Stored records
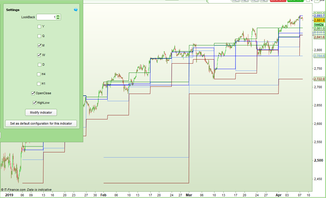 With this feature you can apply the indicator more than once to a chart and have the last three months OHLC values shown for example.
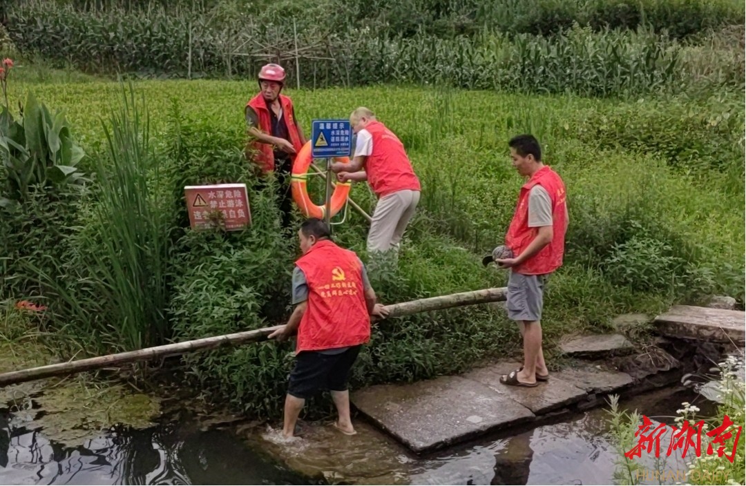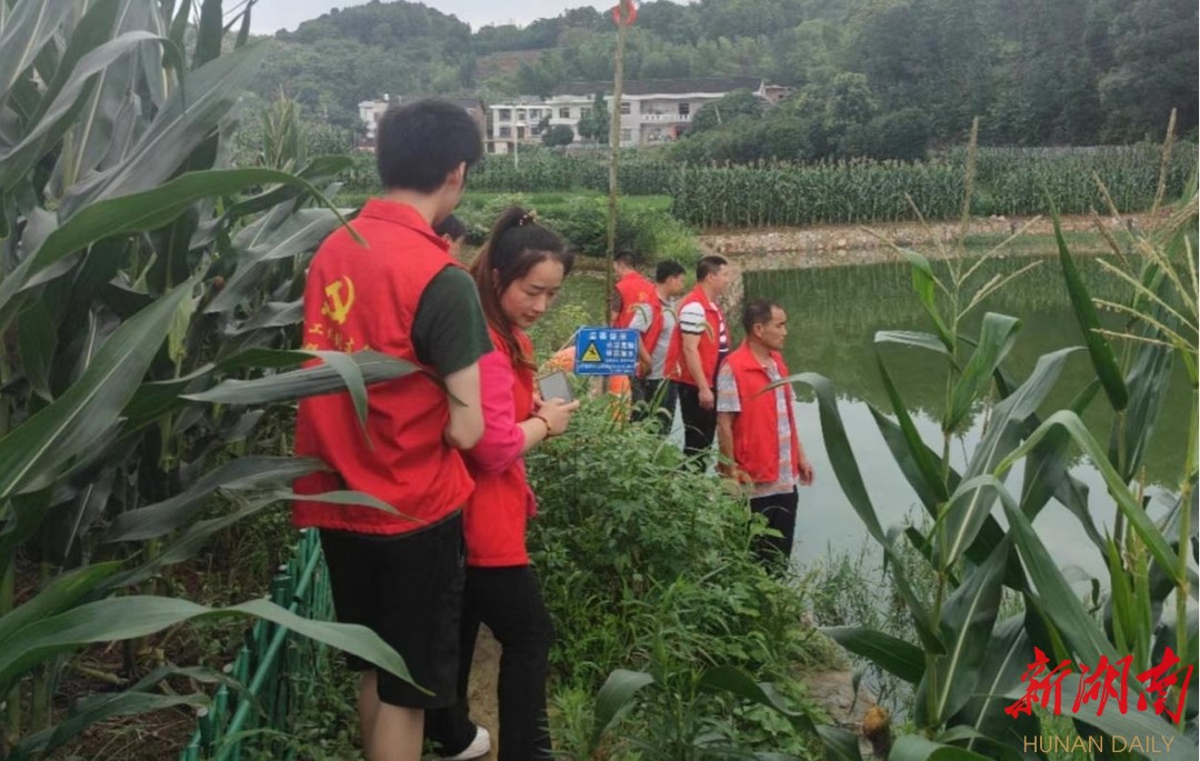 (党员志愿者结合“涟源先锋行万人大巡逻”活动检查水塘、沟渠)
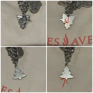 James Avery Double curb charm bracelet, has 11 James Avery charms & 1 pope John Paul charm that is NOT James Avery. 6 are RETIRED James Avery charms, which are Present charm $100, Shine your light $50, Artist Palette $80, Guitar Chorus Angel $150, Vintage Xmas tree also has engraving “Love mom and dad” on front & “2001” on back $10. while 5 are still being sold at James Avery. Special niece $30, ABC Apple $25, Graduation cap $25. I will sell the entire bracelet or I could remove the charms if you’d like to purchase separately.
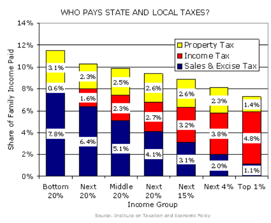 Like federal income taxes, state/local income taxes are progressive – the poorest families pay almost nothing, while the richest pay about five percent. In stark contrast, sales taxes are incredibly regressive – the poorest pay almost eight percent and the richest about one percent. The biggest reason for this is that lower-income families must spend most of their paychecks for living expenses (rather than save it), and so more of their money is “subject” to sales tax. Finally, property taxes are moderately regressive (though the rate is pretty stable until you get to the top one percent).
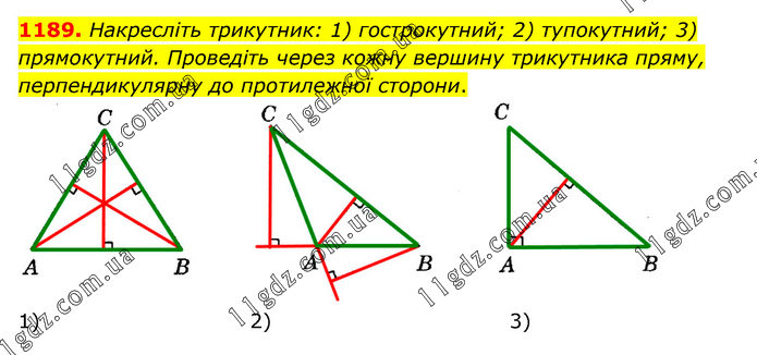 Накресліть трикутник: 1) гострокутний; 2) тупокутний; 3) прямокутний. Проведіть через кожну вершину трикутника пряму, перпендикулярну до протилежної сторони.
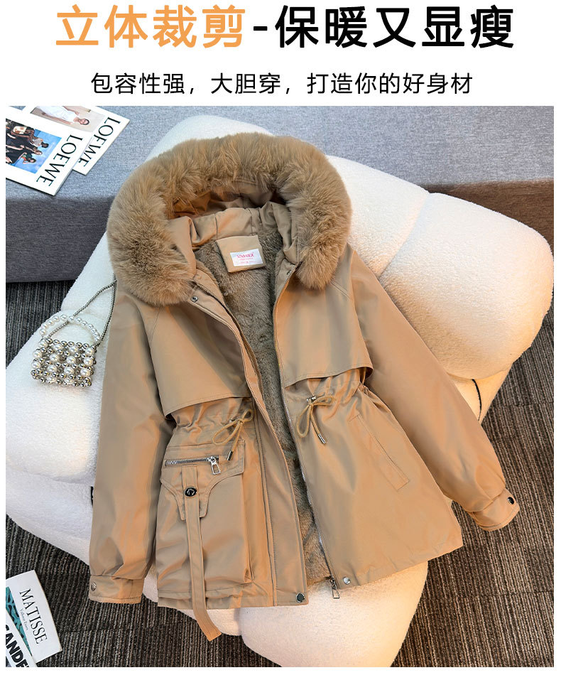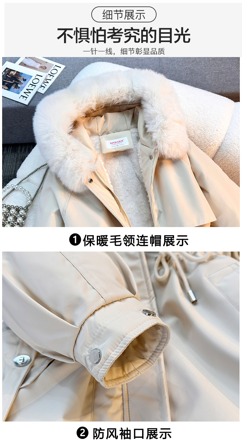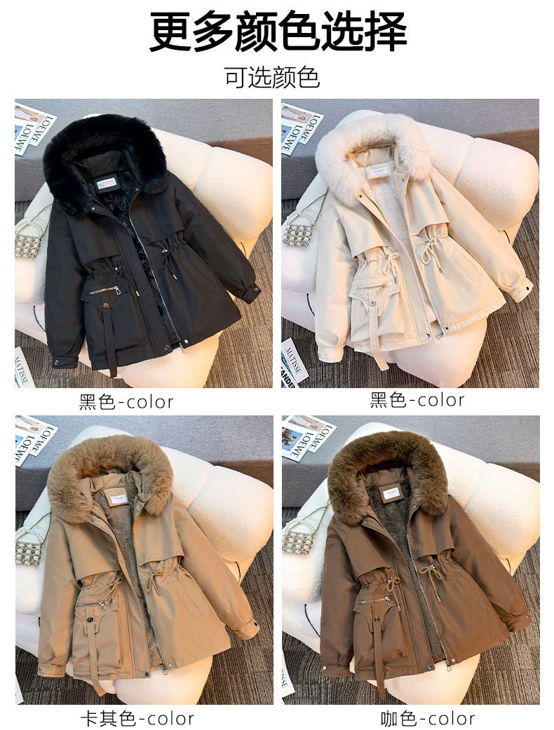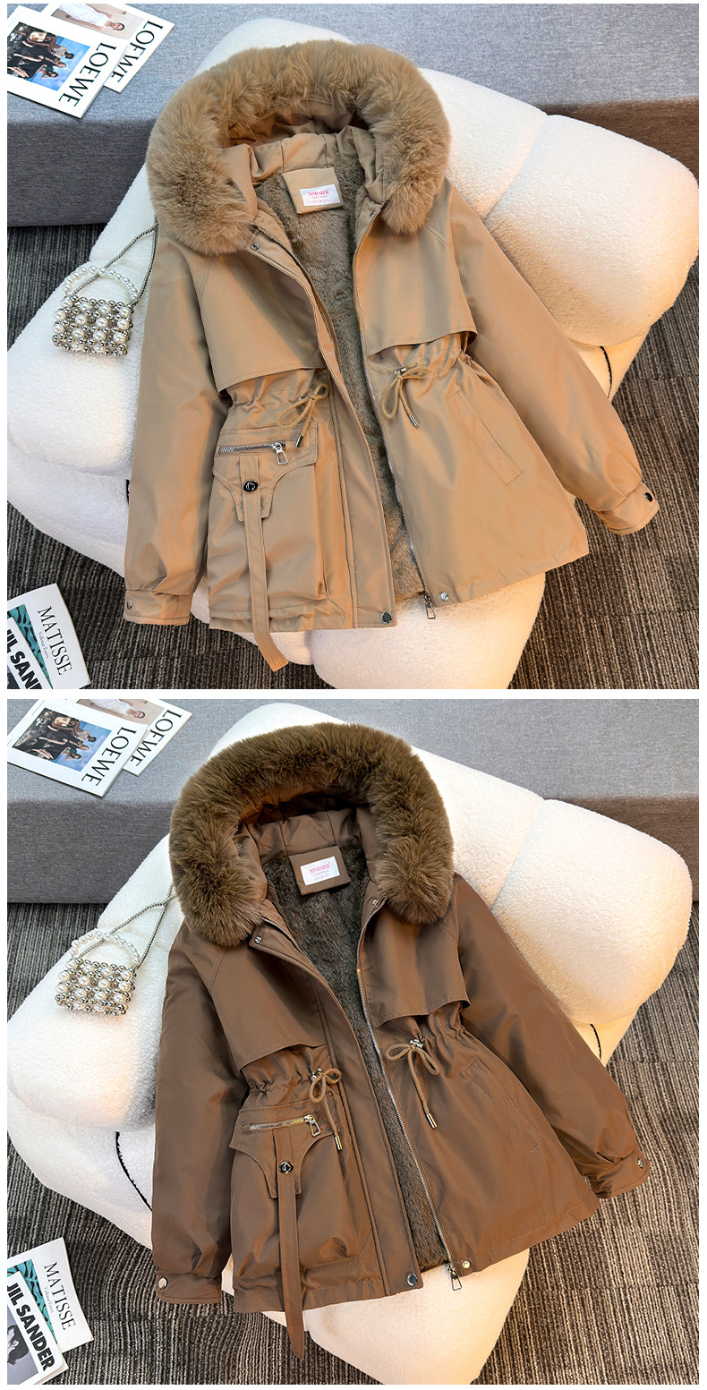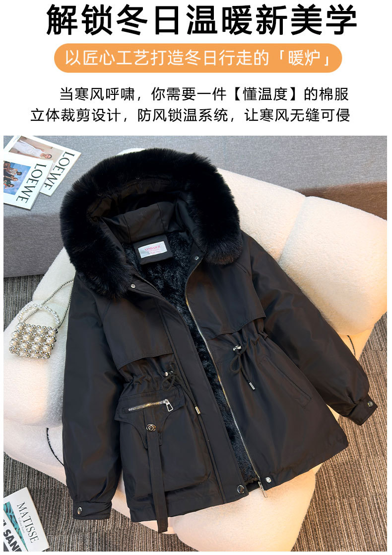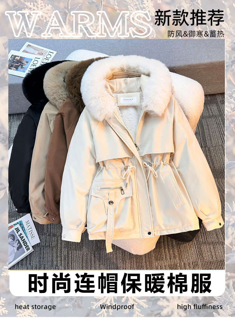Женская трансграничная парка 2025 года, с поясом, капюшоном, большим меховым воротником, на флисовой подкладке, хлопковая куртка, модное корейское осенне-зимнее пальто, теплая.
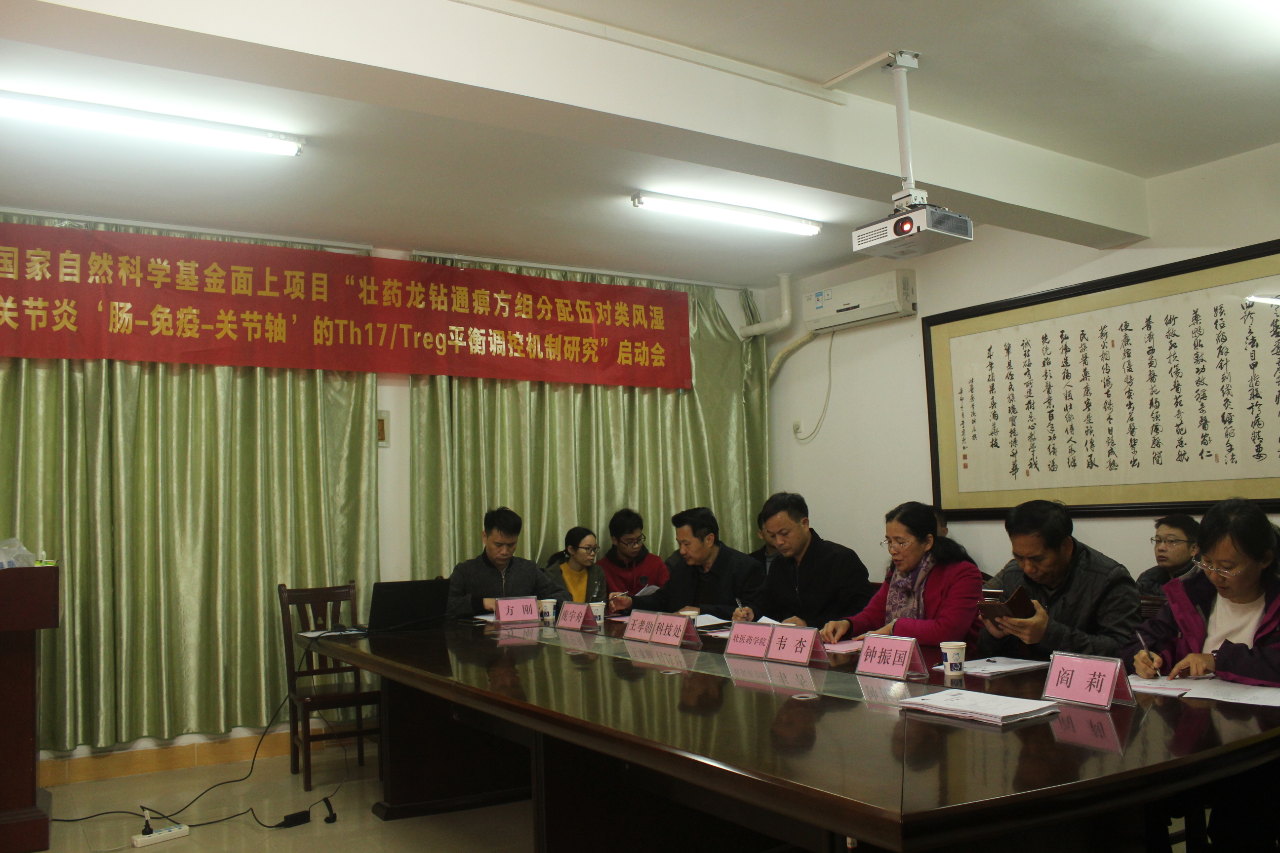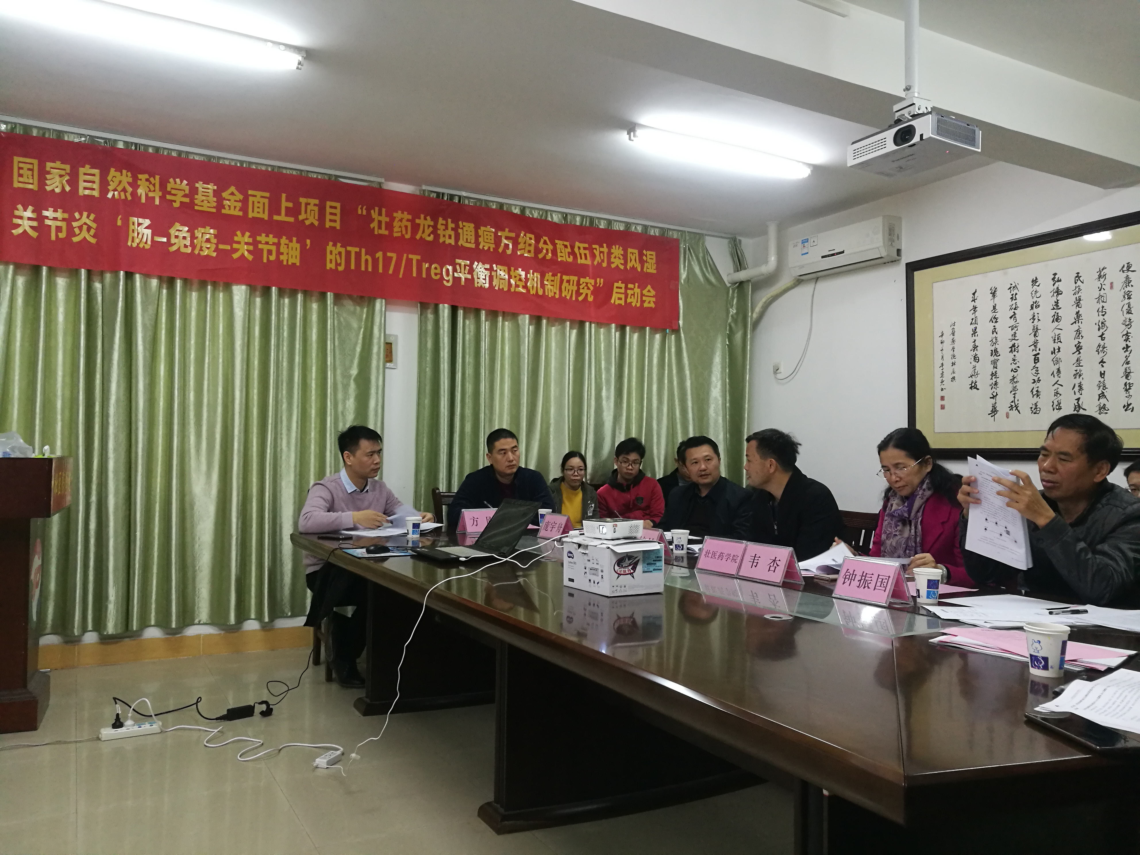 1月15号上午,壮医药学院在明秀校区会议室举行2019年国家自然科学基金项目“壮药龙钻通痹方组分配伍对类风湿关节炎‘肠-免疫-关节轴’的Th17/Treg平衡调控机制研究”启动会。
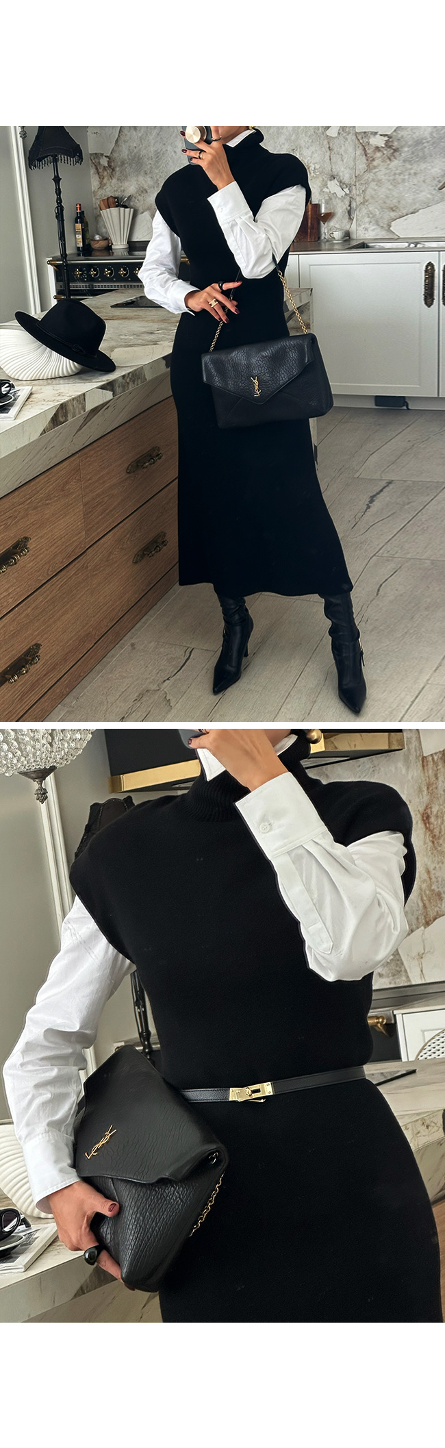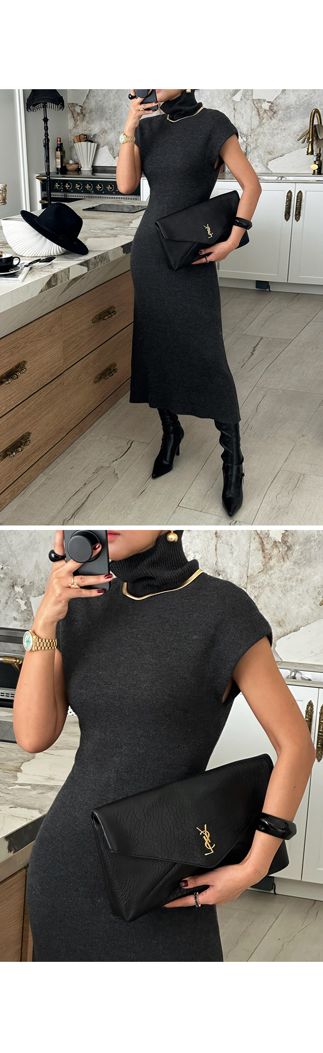 골드 주얼리·스틸레토 부츠·클러치와 함께 매치하면

- TASK TO COMPLETE -
Retype the entries above exactly, starting at their first line and ending with the line that holds "James Avery Double"; pictures stay out.

- FINISHED EXERCISE -
 With this feature you can apply the indicator more than once to a chart and have the last three months OHLC values shown for example.
 (党员志愿者结合“涟源先锋行万人大巡逻”活动检查水塘、沟渠)
 James Avery Double curb charm bracelet, has 11 James Avery charms & 1 pope John Paul charm that is NOT James Avery. 6 are RETIRED James Avery charms, which are Present charm $100, Shine your light $50, Artist Palette $80, Guitar Chorus Angel $150, Vintage Xmas tree also has engraving “Love mom and dad” on front & “2001” on back $10. while 5 are still being sold at James Avery. Special niece $30, ABC Apple $25, Graduation cap $25. I will sell the entire bracelet or I could remove the charms if you’d like to purchase separately.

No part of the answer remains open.